Read More: Brazil Moves to Allow Amazon Oil Drilling, Marring Lula’s Summit

But Environment Minister Marina Silva, who criticized the previous PAC program over its lack of concern for the environment, praised the design of the new version.

“Being able to see development and sustainability within the same plan is an unimaginable gain,” she said during the launch event.

Petrobras, as the state-run oil giant is known, will contribute $66 billion to the program, chief executive officer Jean Paul Prates said. The company, which played a prominent role in the original PAC, has a $78-billion, five-year strategic plan and is mulling an increase for the period between 2024 and 2028. It plans to earmark as much as 15% of its total investments for low-carbon projects.

The New Development Bank — an institution created by the BRICS bloc of emerging market nations that includes Brazil — will contribute $2.7 billion in financing for sustainable projects, said Aloizio Mercadante, the head of Brazil’s national development bank.

The previous Growth Acceleration Plan helped increase public investment and led to the construction of hundreds of highways, bridges, hydroelectric dams and other projects under Lula and his successor, former President Dilma Rousseff.

But many of those projects, which were handled by large local infrastructure companies, later faced investigations over corruption allegations. The program helped lead to the rise of Operation Car Wash, the years-long corruption probe that put hundreds of business and political leaders — including Lula, temporarily — behind bars.

The PAC program also financed the construction of oil refineries, like a major petrochemical complex in Rio de Janeiro, and the Belo Monte dam, a hydroelectric project in the Amazon region that drew fierce opposition from Indigenous tribes and environmentalists.
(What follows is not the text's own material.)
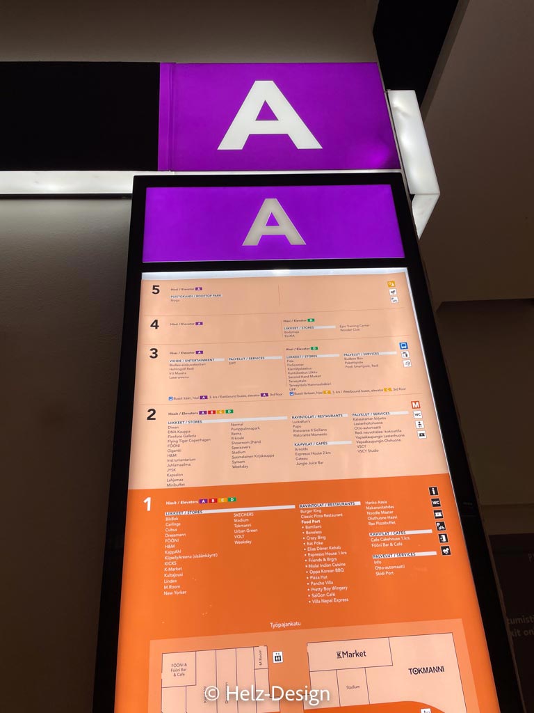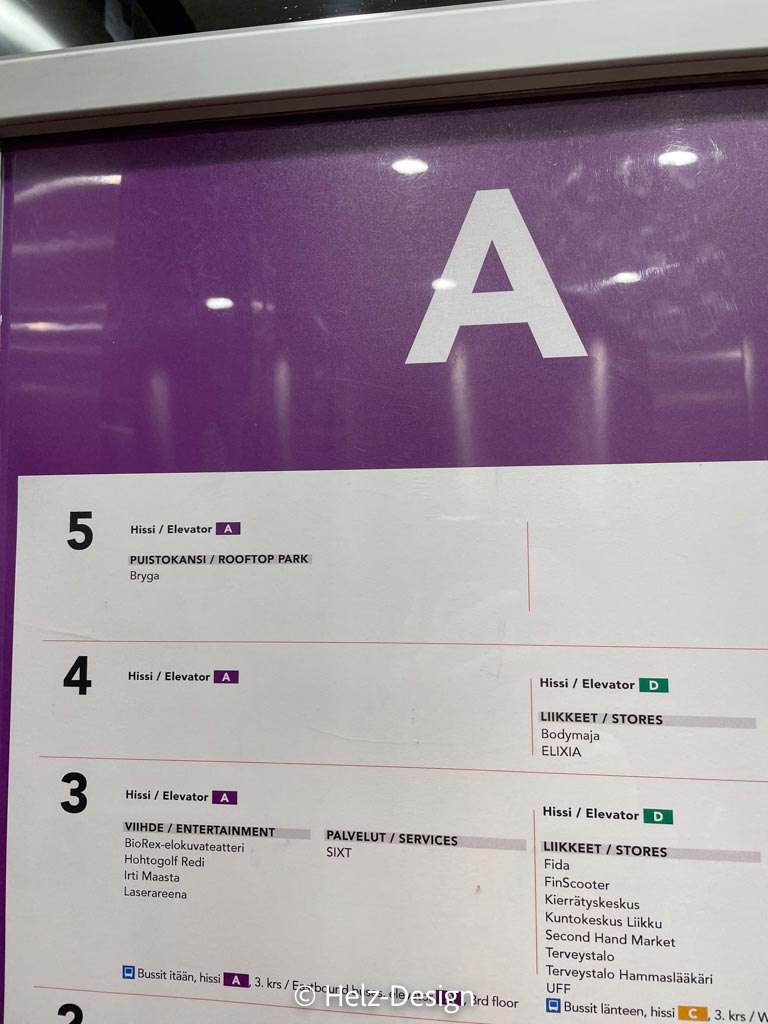 Es gibt dort zwei Bereiche, die durch die durch einen überdachten Weg getrennt sind. Die beiden Bereiche nennen sich Stadi und Sköne. Ich weiß nie, was wo ist. Außerdem gibt es Hinweise für Metro nach Westen (Läneen Metro) und Metro nach Osten Itäinen Metro) und ich bin jedesmal verwirrt. Schlimmer als Rechts und Links, verwechsele ich auch andauernd!

Its legacy may create challenges for the current plan. The corruption investigations drove many of the involved companies into bankruptcy, while the ensuing end of an era of massive public investments hit firms that hadn’t been implicated, resulting in heavy debts, layoffs and legal disputes.
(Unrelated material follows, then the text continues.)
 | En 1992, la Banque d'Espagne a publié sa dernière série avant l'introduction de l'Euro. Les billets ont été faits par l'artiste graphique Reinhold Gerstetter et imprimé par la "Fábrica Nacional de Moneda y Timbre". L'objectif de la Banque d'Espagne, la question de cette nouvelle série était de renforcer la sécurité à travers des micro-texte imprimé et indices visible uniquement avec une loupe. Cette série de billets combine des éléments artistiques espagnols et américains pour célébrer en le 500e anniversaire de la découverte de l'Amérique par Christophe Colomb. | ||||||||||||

As a result, the government will have to carry out large projects without many of the major contractors that delivered them in the past.

At first, local companies are likely to form consortia with foreign partners in order to participate in investment projects, Chief of Staff Rui Costa told reporters at the event. After they get stronger and are able to obtain financing, they will be able to handle projects by themselves, he said.

(Recasts lead, adds Lula comments from second paragraph and additional details throughout.)